Twist-nya sendiri tampil generik. Jika anda adalah penikmat tontonan nge-twist, sedari film bergulir, mudah untuk menyimpulkan bahwa salah satu karakter adalah yang dipilih untuk dihidupkan kembali. Pun, menjelang akhir Reside mengejawantahkan sebuah latar belakang cerita yang telah usang, yang kini formulanya kerap dipakai untuk FTV daripada rilisan film yang ditujukan untuk bioskop.

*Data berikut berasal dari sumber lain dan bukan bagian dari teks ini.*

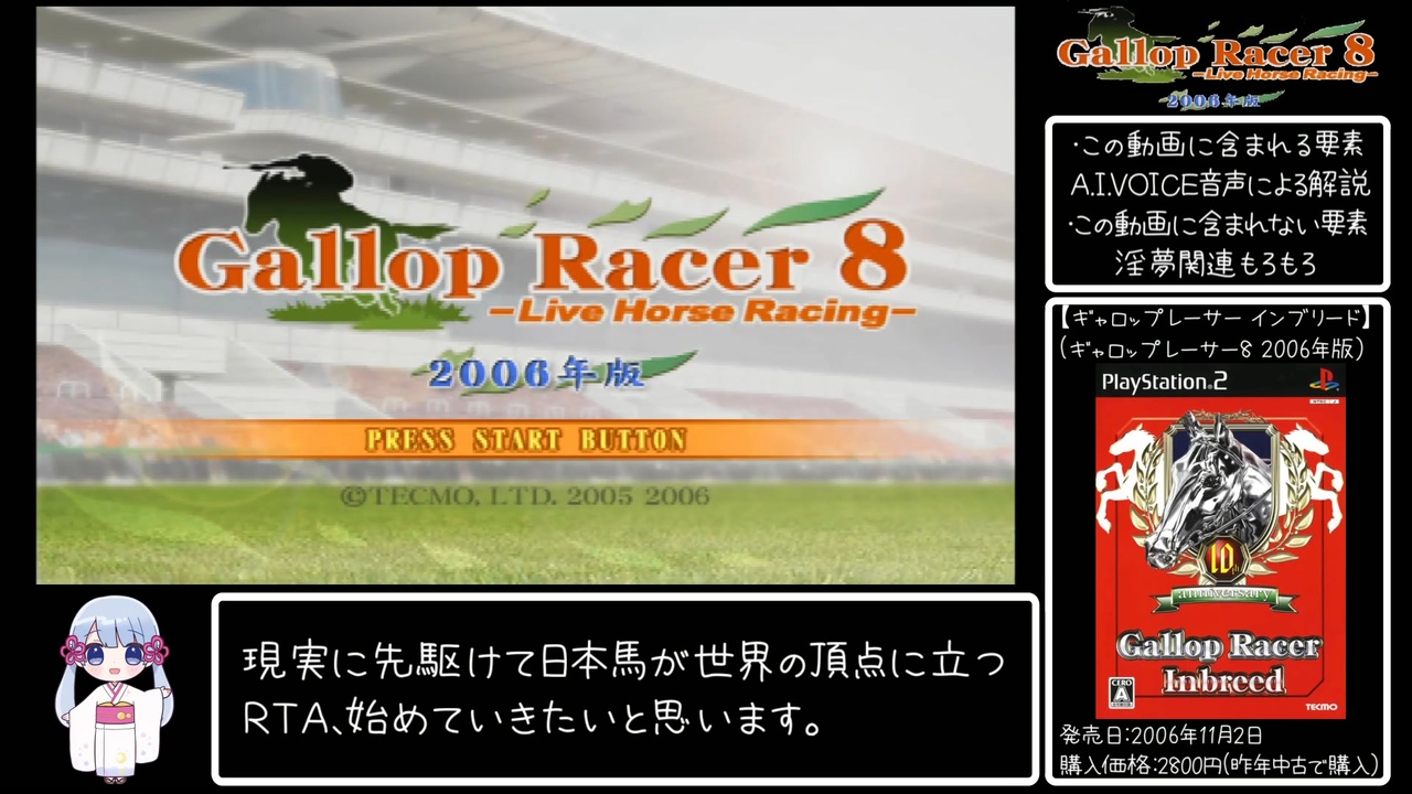 2004年にゼンノロブロイ号がJRA賞年度代表馬に輝いてから早20年、未だ1度たりとも<br>その名を冠した競走が中央競馬で開催される気配がないので怒りの初投稿です。<br><br>先人のRTA動画に内容で負けないよう、しっかり走り切って簡易ながら編集も加えました。<br>本来は今年の凱旋門賞開催までに投稿予定だった当動画ですが、どうか再生時間分くらいは楽しんでいただければ幸いです。<br><br>【プレイ環境、及び録画編集時の使用機材、素材等】<br>PS2(SCPH-70000)、純正コントローラー<br>PS2用HDMIコンバーターV2(コロンバスサークル製)<br>PRO MP242C(MSI製モニター)<br>HDMIキャプチャーボード 15390A(UGREEN製)<br>OBS Studio<br>AviUtl<br>A.I.VOICE2 つくよみちゃん<br>声素材(夢前黎様 <a href="https://www.rei-yumesaki.net/" target="_blank" rel="noopener nofollow">https://www.rei-yumesaki.net/</a> )<br>つくよみちゃん万能ミニキャラ素材(きばやし様)<br>073 TEGUSE - Kanaka Font<br>動画終盤に使用したキャプチャ元→<a href="https://www.nicovideo.jp/watch/sm42963720" class="watch">sm42963720</a>

Reside adalah reuni bagi Ananda Everingham dan Natthaweeranuch Thongmee, dua pelakon utama untuk salah satu film horor terbaik buatan Thailand, Shutter (2004). Keduanya memainkan karakter bertolak belakang yang sayang kurang dikembangkan. Sebatas dijadikan karakter yang hanya berfungsi ketika twist ditampilkan tanpa sebelumnya diberikan kepentingan. Keduanya patut mendapat peran yang lebih superior, ketimbang harus terjebak pada pola ngalor.